# Drop Point in Buckeye



## NYWoodturner (May 26, 2015)

AEB-L Stainless Steel. 9" Overall. Blade 4.5". The handle is made from grey buckeye burl from Tom @manbuckwal. Im thinking a sheath in black is in order. C&C welcome.

Reactions: Like 5 | EyeCandy! 10 | Way Cool 9


----------



## Final Strut (May 26, 2015)

OOOO I like that one a lot.

Reactions: Thank You! 1


----------



## ripjack13 (May 26, 2015)

Me too! That is a sweet one Scott!!

Reactions: Thank You! 1


----------



## Kevin (May 26, 2015)

Me three!
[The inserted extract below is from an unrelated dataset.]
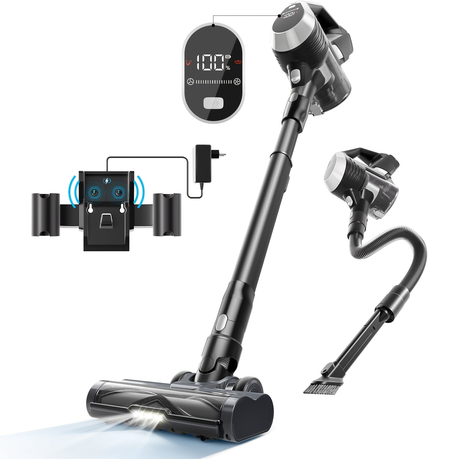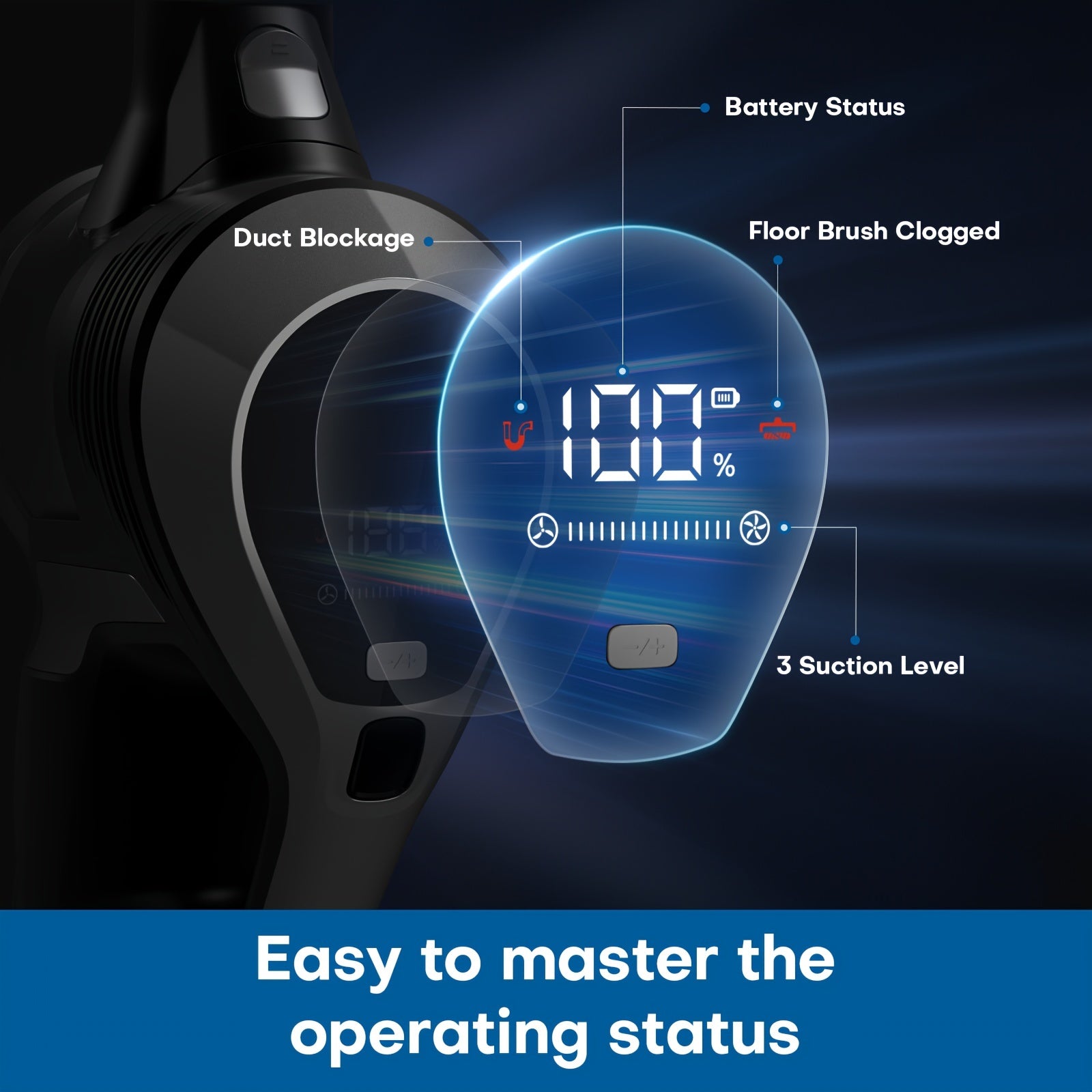 Cordless Vacuum Cleaner with LED Display Anti-Tangle Brush Powerful Suction for Pet Hair Hardwood Floors and Carpets

You're really getting the hndle shaping down pat. Great job all the way around. 

I've never seen one, but I wonder what a sort of medium dark gray sheath would look like. Black would definitely work though.

Reactions: Thank You! 1


----------



## Mike1950 (May 26, 2015)

Nice- I second the grey or light charcoal. The pins and eyes go together.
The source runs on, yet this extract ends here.